May 23, 2013

Becoming Aware of Inflammatory Breast Cancer

Inflammatory breast cancer is a very aggressive form of the disease. Thankfully, it is a rare type and is marked by several symptoms. Becoming aware of inflammatory breast cancer symptoms is vital to survival especially since this malignancy can spread very quickly.

A Simple Definition

With the inflammatory type of breast cancer, cancer cells block the lymph vessels found in the breast so that it looks inflamed or red and swollen. In the United States, this type of breast cancer accounts for less than 6 per cent of diagnosed cases.

Usually, the carcinoma cells of this type of breast cancer are very invasive. Normally, they begin in the cells that line the milk ducts. Once they spread beyond the ducts, the cancer progresses so rapidly that in a matter of weeks or months the cancer can be diagnosed as stage III or IV.
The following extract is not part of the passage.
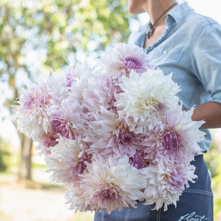 Dahlias are lush flowering plants. Perennials in hot and moderate countries, dahlias need to be grown as annuals in cold winter regions. Being frost sensitive, dahlia tubers need to be planted outside in late spring after all danger of frost has gone by to reward you with an enormous number of large flowers late summer until first frost in autumn and lifted in the fall before temperates dip below zero, leaves and soil cleaned off and stored inside in a cool, dry place. Prune new growth to obtain more bushy dahlia plants and deadhead often once flowering starts to obtain an increased number of blooms. Dahlia can be grown and propagated from seeds, tuberous roots and rooted cuttings. Dahlias are fast growers and one plant produces numerous flowers making them ideal to grow for cut flowers. Substantial composite flower heads are produced on leafy stems. The florets come in a vast array of colours encouraged by the ease of creating dahlia hybrids. Plant in full sun with afternoon shade and water often. 9’’ wide flowers. Height: 100cm/ 40’’

Random Facts about the Inflammatory Type of Breast Cancer

The median age of diagnosis for the more common type of breast cancer is 62 years while the median age for the inflammatory type is 57 years. This means that it tends to be diagnosed in women of younger ages.

For some reason, it is more frequently diagnosed in African American women at younger ages with a median age of 54 compared to 58 years for white women. It is also more common in obese women than in women of normal weight.

Symptoms

The symptoms of breast cancer are extremely easy to detect when it is the inflammatory type. Generally, the affected breast becomes swollen and red or pink. This is often accompanied by a feeling of warmth and tenderness in the breast. In some cases, the affected breast will appear bruised instead of reddish.
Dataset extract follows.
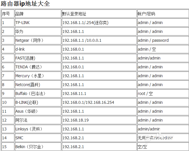 十五大常用品牌路由器地址和帳戶密碼圖表 ... [更多詳細]

When the blockage of the ducts becomes severe, the skin of the breast becomes pitted, much like the skin of an orange. This may or not be accompanied by a marked increase in breast size. Other symptoms include a feeling of heaviness, burning, or tenderness in the breast. Lymph nodes may become palpable under the arm and near the collarbone.

Treatments

New treatments are constantly being tested as interventions for inflammatory breast cancer. Persons who have been diagnosed to have it are often encouraged to participate in clinical trials that test these treatments.
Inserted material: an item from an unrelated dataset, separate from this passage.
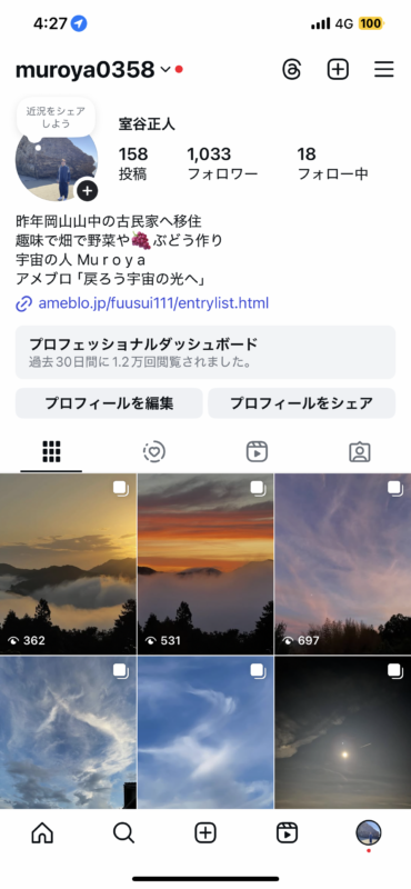 写真左側が今日現在の僕のインスタ

The usual protocol for treating the inflammatory type of breast cancer consists of a multimodal approach, which has been seen to produce better responses from patients; it has also improved survival rates. The first step in this approach is systemic chemotherapy in order to shrink the tumor. After this, surgery is done to remove the tumor followed by radiation therapy.

Surgery may take the form of modified radical mastectomy, which means removing the entire affected breast, the lymph nodes under the adjacent arm and quite often, the lining over the underlying chest muscles. While the chest muscles are preserved, the smaller chest muscles may also be removed.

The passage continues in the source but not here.